Predicting signatures of "synthetic associations" and "natural associations" from empirical patterns of human genetic variation

TitlePredicting signatures of "synthetic associations" and "natural associations" from empirical patterns of human genetic variation
Publication TypeJournal Article
Year of Publication2012
AuthorsChang D, Keinan A
JournalPLoS Comput. Biol.
KeywordsComputer Simulation, Databases, Evolution, Gene Frequency, Genetic, Genetic Variation, Genome-Wide Association Study, Genomics, Humans, Linkage Disequilibrium, Models, Molecular, Polymorphism, Single Nucleotide, {HapMap} Project

Genome-wide association studies (GWAS) have in recent years discovered thousands of associated markers for hundreds of phenotypes. However, associated loci often only explain a relatively small fraction of heritability and the link between association and causality has yet to be uncovered for most loci. Rare causal variants have been suggested as one scenario that may partially explain these shortcomings. Specifically, Dickson et al. recently reported simulations of rare causal variants that lead to association signals of common, tag single nucleotide polymorphisms, dubbed “synthetic associations”. However, an open question is what practical implications synthetic associations have for GWAS. Here, we explore the signatures exhibited by such “synthetic associations” and their implications based on patterns of genetic variation observed in human populations, thus accounting for human evolutionary history –a force disregarded in previous simulation studies.

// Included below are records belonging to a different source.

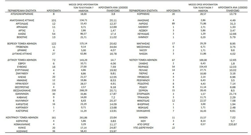 Στο Λεκανοπέδιο καταγράφηκαν: 101 κρούσματα στην Ανατολική Αττική, 122 στον Βόρειο Τομέα Αθηνών, 27 στη Δυτική Αττική, 72 στον Δυτικό Τομέα Αθηνών, 161 στον Κεντρικό Τομέα Αθηνών, τρία στα νησιά, 67 στο Νότιο Τομέα Αθηνών και 54 στον Πειραιά.
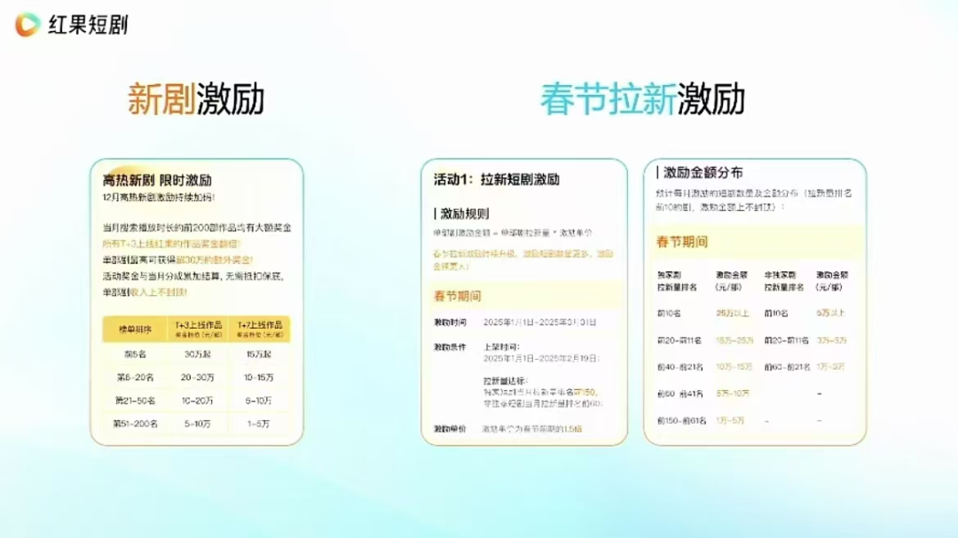 同時(shí),紅果還有額外的拉新激勵(lì):拉新前150名的獨(dú)家短劇會(huì)有1萬至25萬以上的獎(jiǎng)金。
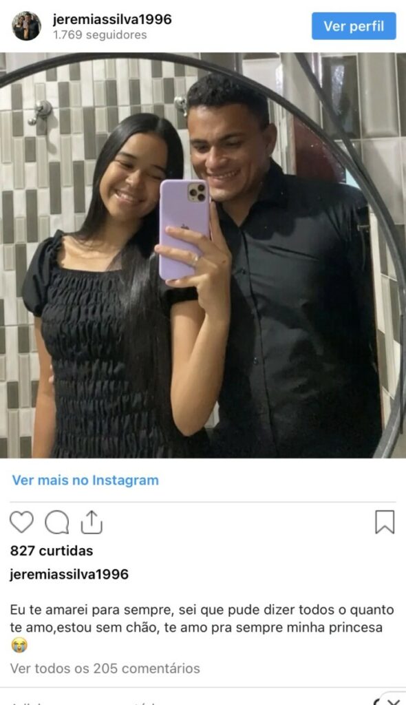 O noivo de Aclécia, Jeremias Silva, publicou uma mensagem no Instagram.
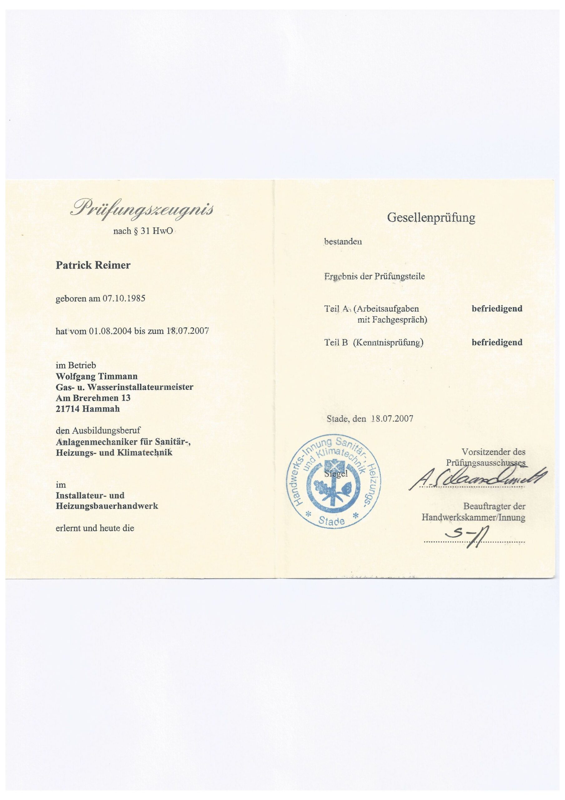 Meinen Gesellenbrief präsentiere ich hier mit Stolz – nicht als Relikt der Vergangenheit, sondern als das Fundament meiner heutigen Beratung. Wenn ich eine Immobilie für Sie bewerte oder vermittle, tue ich das mit dem geschulten Auge des Handwerkers und der Strategie des Maklers.
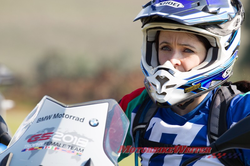 Aussie rider Julia Maguire had to ride blindfolded to win selection to compete at the International BMW GS Trophy in Mongolia next year.
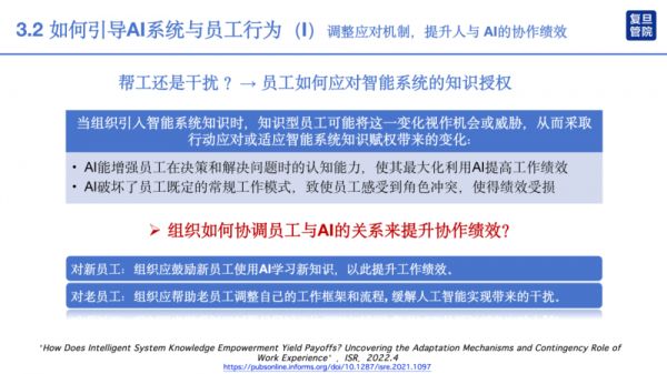 因此,论文建议企业在引入这样的AI系统之后,应该着力鼓励新员工更多地采用效益最大化的机制来应对AI系统。换言之,鼓励他们利用AI学习新知识,以提高工作绩效。对于那些已经熟悉了原有工作流程的老员工,组织应该帮助他们通过AI来调整自己的工作框架和流程,从而降低角色冲突,缓解AI所带来的干扰。

This is made possible by human population genetic data from HapMap 3 consisting of both resequencing and array-based genotyping data for the same set of individuals from multiple populations. We report that synthetic associations tend to be further away from the underlying risk alleles compared to “natural associations” (i.e. associations due to underlying common causal variants), but to a much lesser extent than previously predicted, with both the age and the effect size of the risk allele playing a part in this phenomenon. We find that while a synthetic association has a lower probability of capturing causal variants within its linkage disequilibrium block, sequencing around the associated variant need not extend substantially to have a high probability of capturing at least one causal variant. We also show that the minor allele frequency of synthetic associations is lower than of natural associations for most, but not all, loci that we explored. Finally, we find the variance in associated allele frequency to be a potential indicator of synthetic associations.